- What to produce
The lines to return run from the one containing "Putco E-Blade Sideliner" through the end of the material; give them exactly and leave out the pictures.

- Dataset excerpt
● ● ● ● ● ● ●

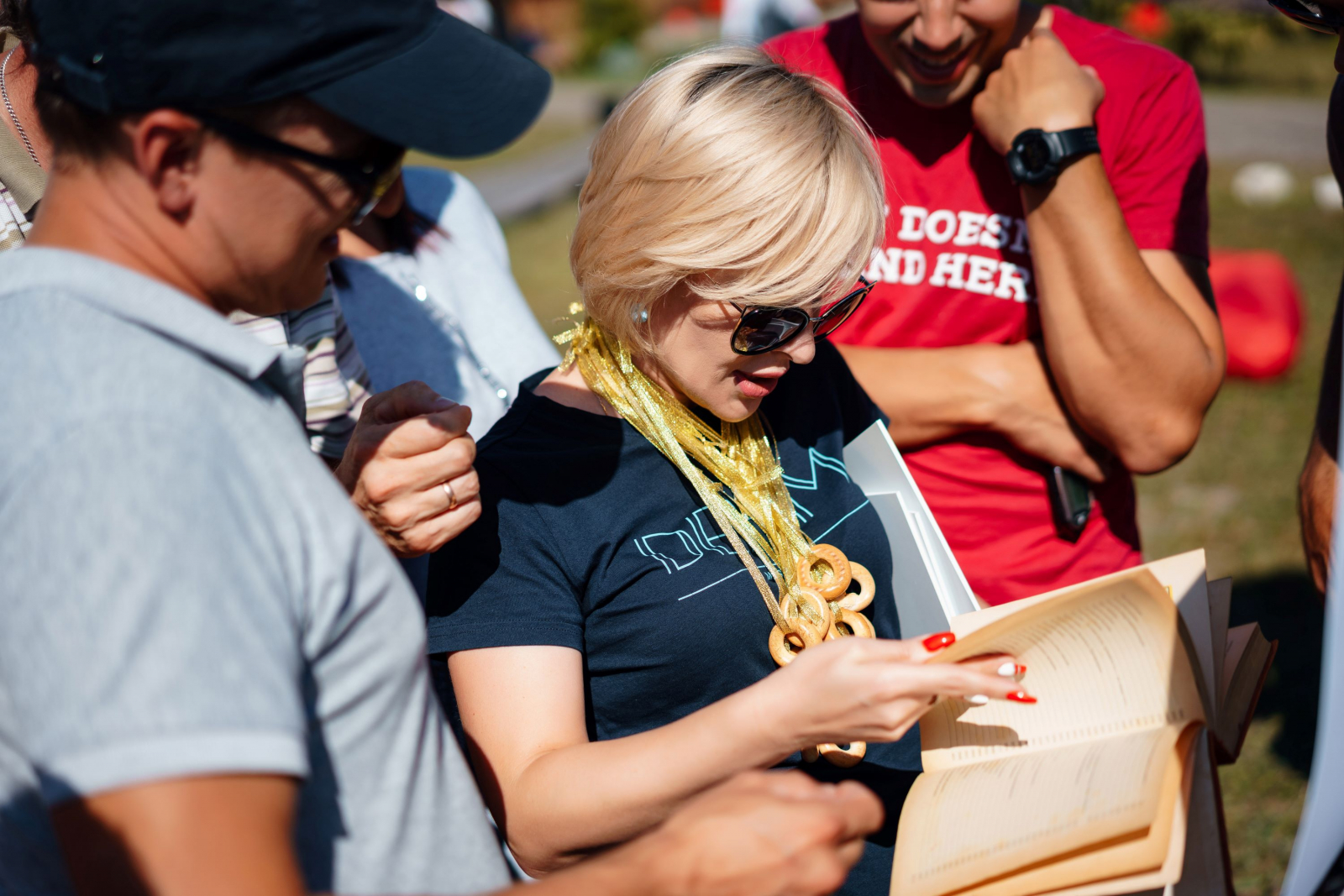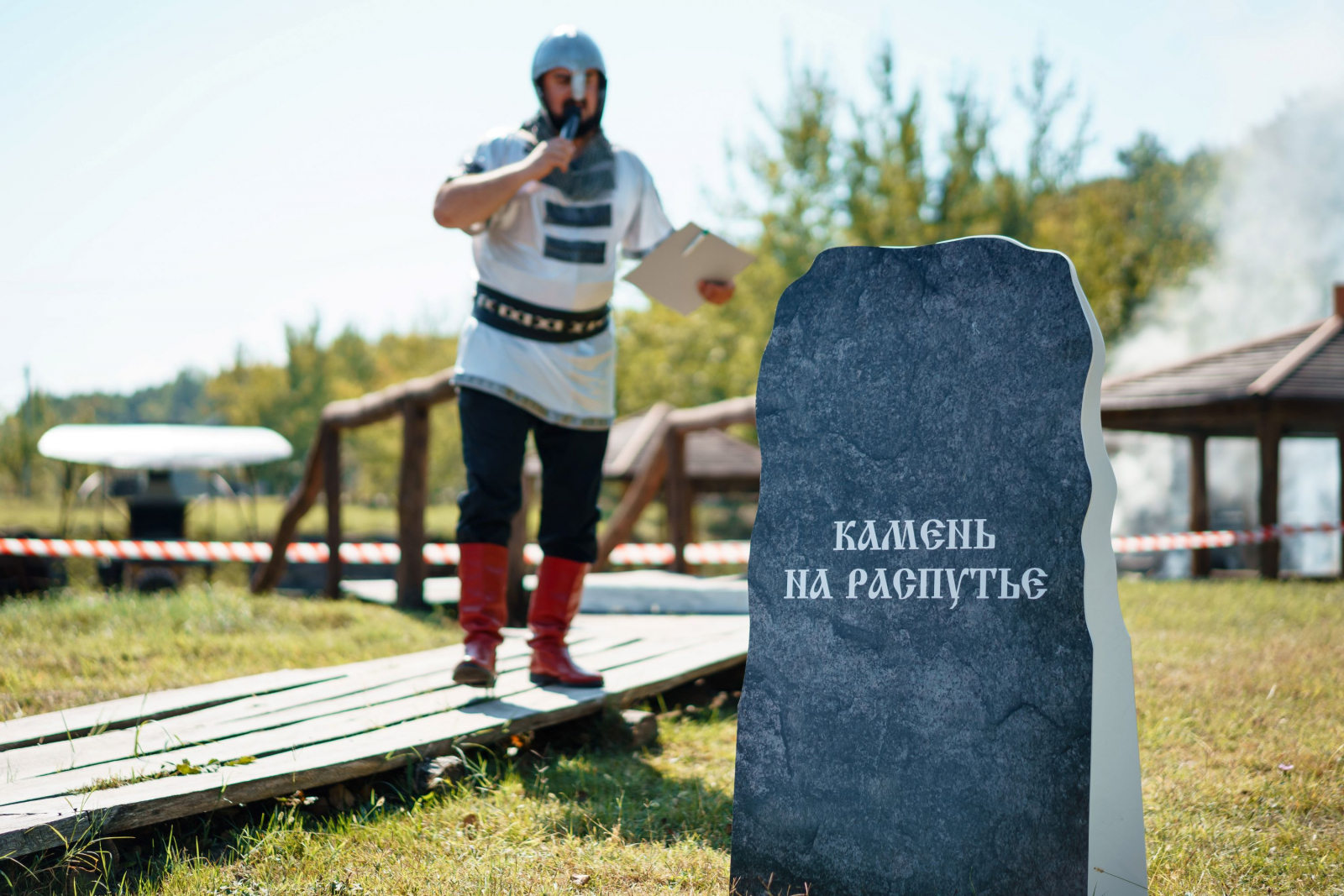Мы использовали классический сюжетный ход — камень на распутье с выбором пути: прямо — славу обретешь, налево — молодость найдешь, направо — тайну разгадаешь. Команды проходили три маршрута, собирая артефакты: яблоко молодости, перо Жар-птицы и аленький цветочек.
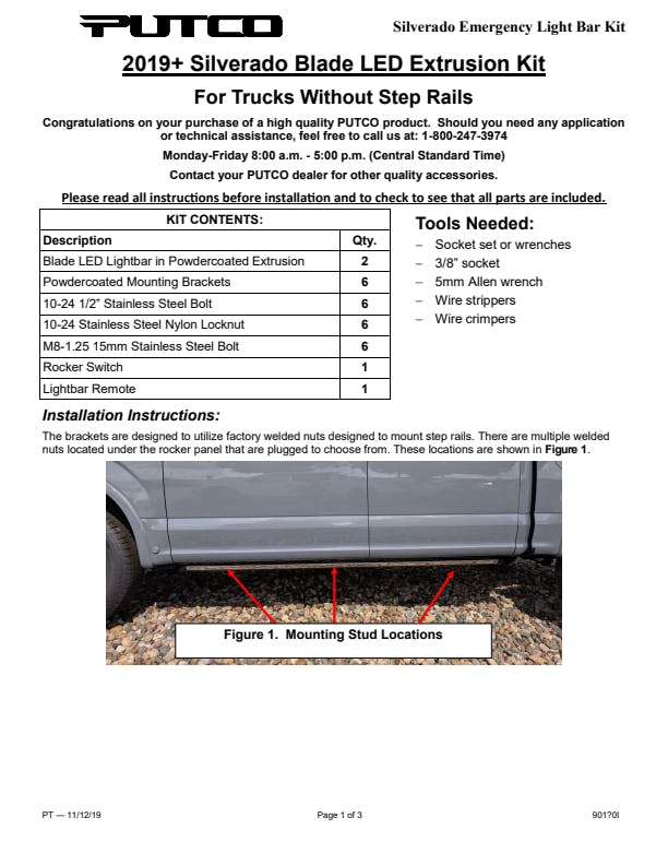 Putco E-Blade Sideliner LED Rocker Kit (Red, White & Blue LEDs) Fits Chevy Silverado/GMC Sierra 1500 2015-2026
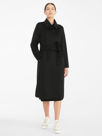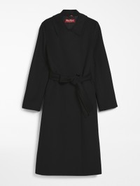 DETAILS Long, double-breasted robe-inspired coat made of exquisite pure wool fabric with long sleeves, side pockets and concealed buttons with matching belt at the waist. The design features a double-function pointed collar to be worn open with lapels or fastened with a button. Lined. Length: 110 cm COMPOSITION AND CARE Fabric 100% virgin wool; lining 100% viscose. Do not wash; do not bleach; do not tumble dry; cool iron; professionally dry clean perchloroethylene - mild process; do not wet clean.; do not iron the buttons.; protect buttons before washing.; contains non-textile parts of animal origin. Distributed by Max Mara S.r.l., registered office in Reggio Emilia (Italy), Via Giulia Maramotti 4, 42124 (IT)

● ● ● ● ● ● ●

- Answer section
 Putco E-Blade Sideliner LED Rocker Kit (Red, White & Blue LEDs) Fits Chevy Silverado/GMC Sierra 1500 2015-2026
 DETAILS Long, double-breasted robe-inspired coat made of exquisite pure wool fabric with long sleeves, side pockets and concealed buttons with matching belt at the waist. The design features a double-function pointed collar to be worn open with lapels or fastened with a button. Lined. Length: 110 cm COMPOSITION AND CARE Fabric 100% virgin wool; lining 100% viscose. Do not wash; do not bleach; do not tumble dry; cool iron; professionally dry clean perchloroethylene - mild process; do not wet clean.; do not iron the buttons.; protect buttons before washing.; contains non-textile parts of animal origin. Distributed by Max Mara S.r.l., registered office in Reggio Emilia (Italy), Via Giulia Maramotti 4, 42124 (IT)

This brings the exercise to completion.